- Born: Late 13th century Marrakesh, Morocco
- Died: After 1312 CE
- Occupations: Historian, Qāʾid (commander)

Academic work
- Era: Medieval Islamic period
- Main interests: History of the Maghreb and Al-Andalus
- Notable works: Al-Bayan al-Mughrib

= Ibn 'Idhari =

Late 13th/early 14th century Maghrebi writer and historian

Abū al-ʽAbbās Aḥmad ibn Muḥammad ibn ʽIḏārī al-Marrākushī (أبو العباس أحمد ابن عذاري المراكشي) was a Moroccan historian of the late-13th/early-14th century, and author of the famous Al-Bayan al-Mughrib, an important medieval history of the Maghreb and Al-Andalus (now the Iberian Peninsula) written in 1312.

Ibn Idhāri was born and lived in Marrakesh (present-day Morocco), and was a qāʾid ('commander') of Fez.
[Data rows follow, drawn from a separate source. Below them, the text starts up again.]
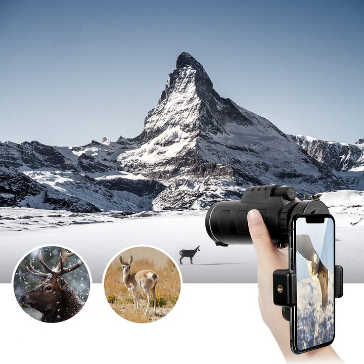 Карманный телескоп с креплением для мобильного телефона идеально подойдет для времяпровождения на природе, путешествий, наблюдения за птицами и во многих других ситуациях.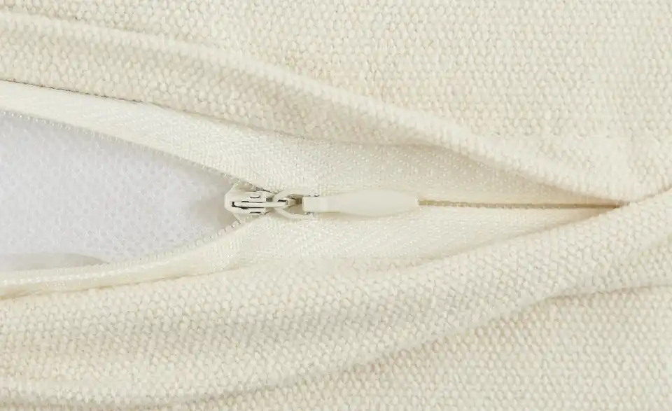 - Materialzusammensetzung TextilBezug Vorderseite: 98,3% Polyester, 1,7% Leinen Rückseite: 100% recycelte BaumwolleFüllung 100% Polyester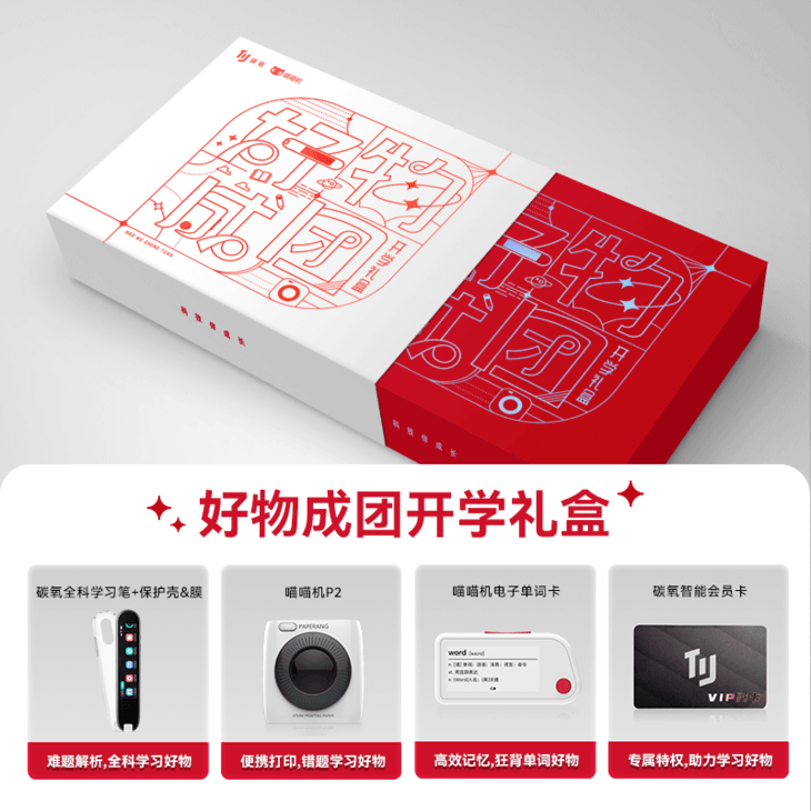 开学季礼盒集合了全科学习、错题打印、英语背单词的强大学习功能,拥有这一整套学习装备,开学动力满满,学习力翻倍!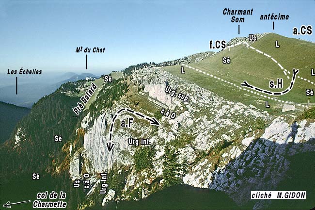 ![]() Les alpages septentrionaux et le versant ouest du Charmant Som, vus du sud-ouest, depuis les abords occidentaux des haberts . f.GP = faille du Grand Poyat ; a.F = anticlinal du Fournel ; s.H = synclinal des Haberts ; a.CS = voûte de l'anticlinal du Charmant Som ; f.CS = faille du Charmant Som. |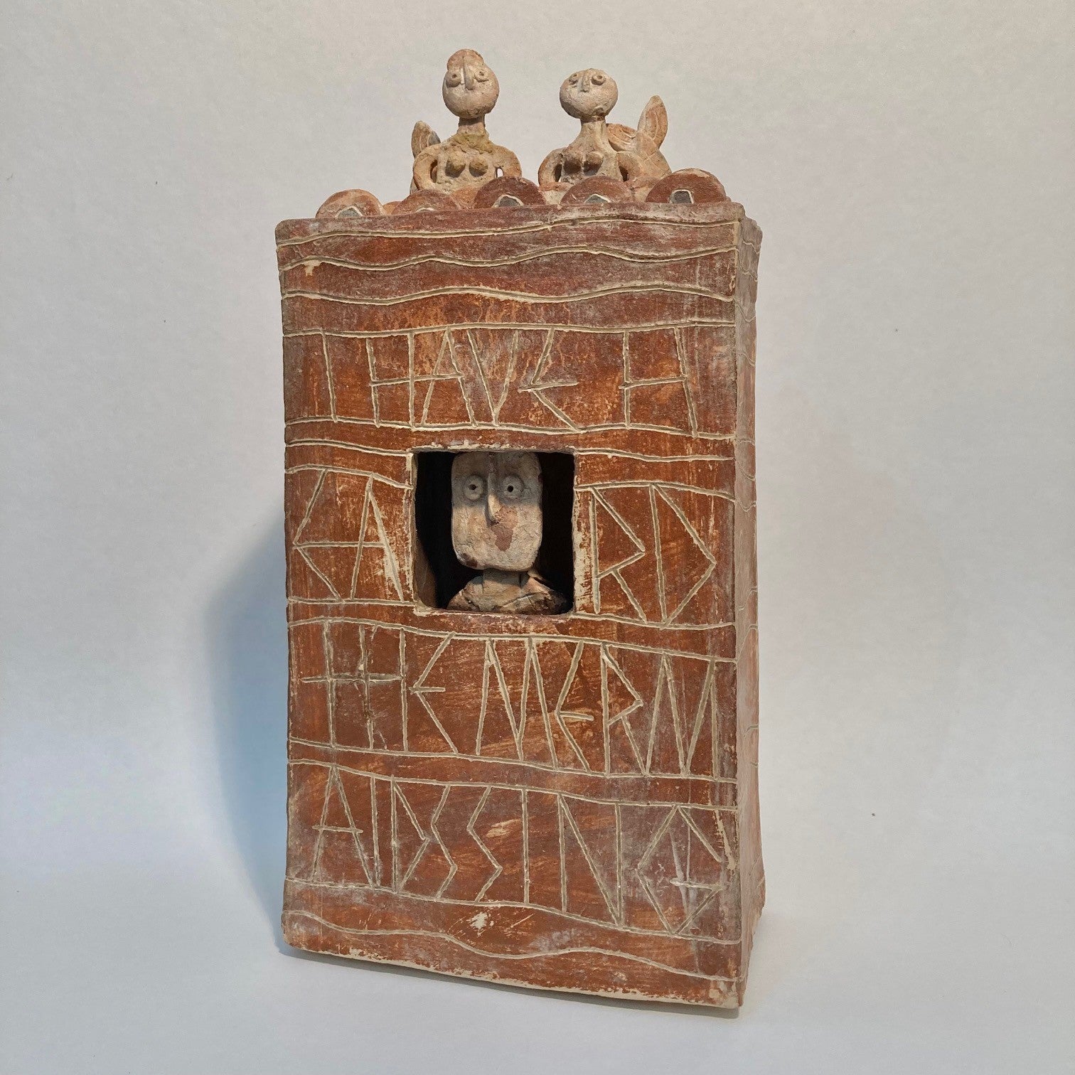 Inspired by an interest in folk art, religious and tribal art along and a good dash of whimsy he allows other influences, including the physical nature of the clay and his background in illustration to enter the creative mix.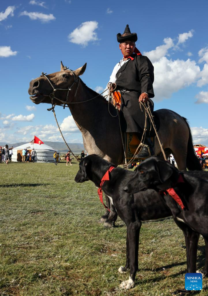 A herdsman participates in a nomadic culture festival in the Nalaikh District of Ulan Bator, Mongolia, Aug. 19, 2023. A cultural festival to promote Mongolia's nomadic intangible culture and the development of the tourism sector was held from Aug. 18 to 20 in the Nalaikh District of Ulan Bator.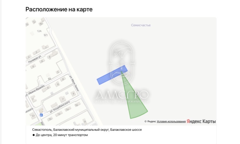 Расстояние на автомобиле до важнейших точек Севастополя: Набережная Балаклавы — 10 минут. Центр Севастополя и Новый Херсонес — 20 минут. Ж/Д и автовокзалы — 15 минут. ТЦ «Sea Mall» — 5 минут. ТЦ «Муссон» — 20 минут.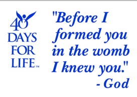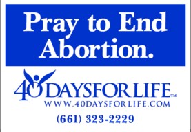 Help 40 Days for Life reach more of the community by posting a yard sign in front of your home, church or business! We know of instances when babies' lives were saved as a result of these yard signs, so the long-term results of your simple act of posting a yard sign could be very significant. Our durable yard signs are available during 40 day prayer vigils at the southeast corner of 25th and H Streets, so please stop by and pick one up at any time which is convenient for you.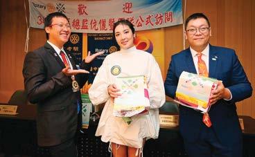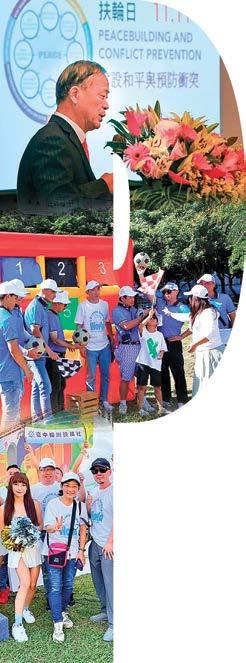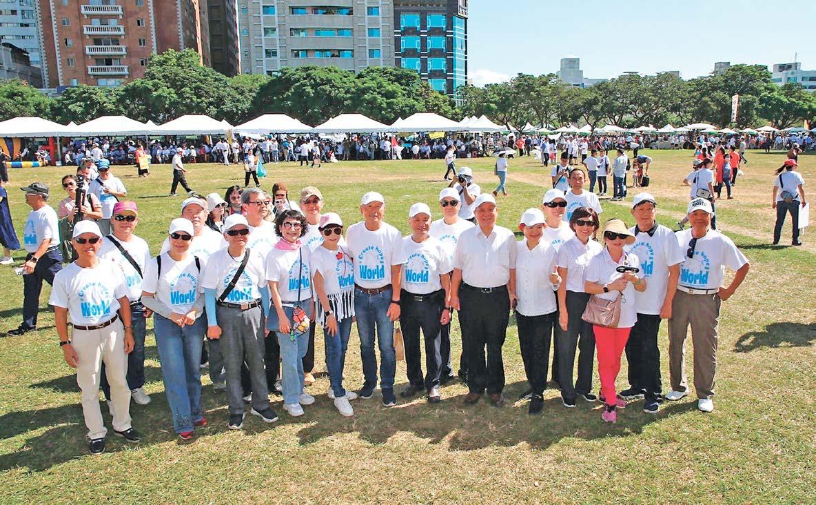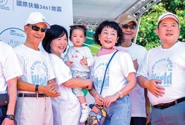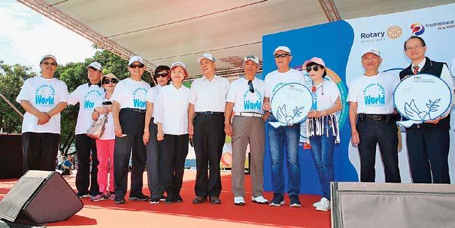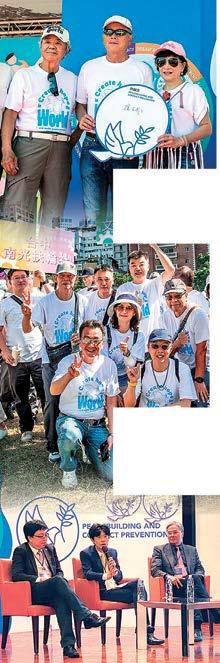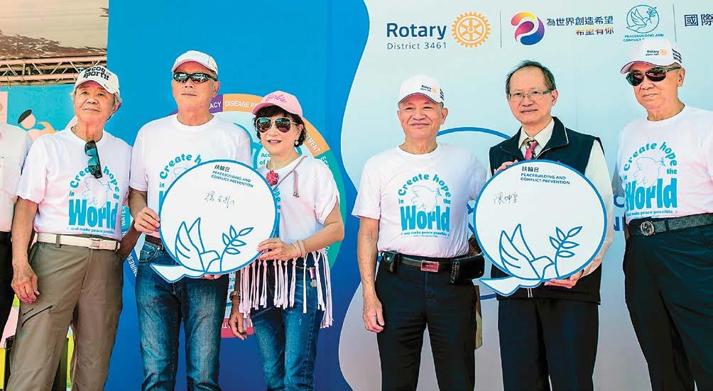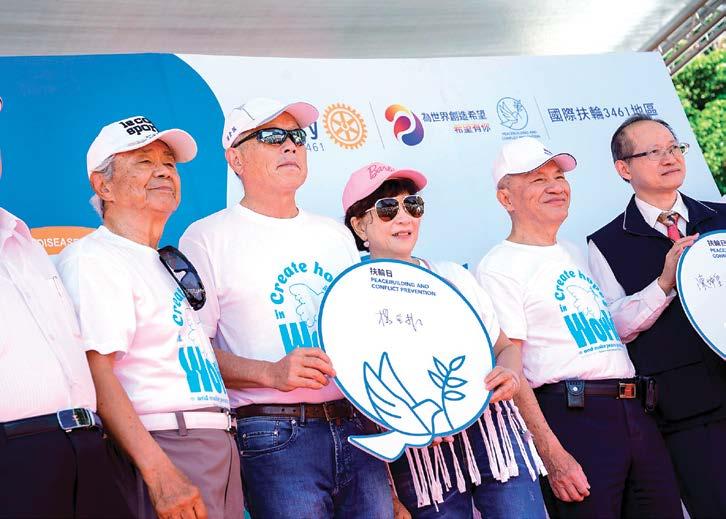 平的年度主題,扶輪日當天舉辦了 「和平論壇」宣揚扶輪締造和平及防 止衝突對抗的貢獻,更集合超過二千 名扶輪社友一起穿著白色的和平鴿T 恤,舉行倡議和平的宣誓儀式,現場 並有和平鴿展翅高飛,倡導八項積極 和平(Positive Peace)的指標,包 含「與鄰為善」、「杜絕貪腐」、「效

Little is known of his life. His only surviving work, Al-Bayan al-Mughrib, is a history of North Africa from the conquest of Miṣr in 640/1 AD to the Almohad conquests in 1205/6 AD. Its value to modern scholarship lies in its extracts from older works, now lost, and in its material not found elsewhere, including reports of the first Viking raids on Al-Andalus in the ninth century. He mentions another biographic work on the caliphs, imāms and amīrs from across the Islamic world, which has not survived. He died after 1312 / 712 AH.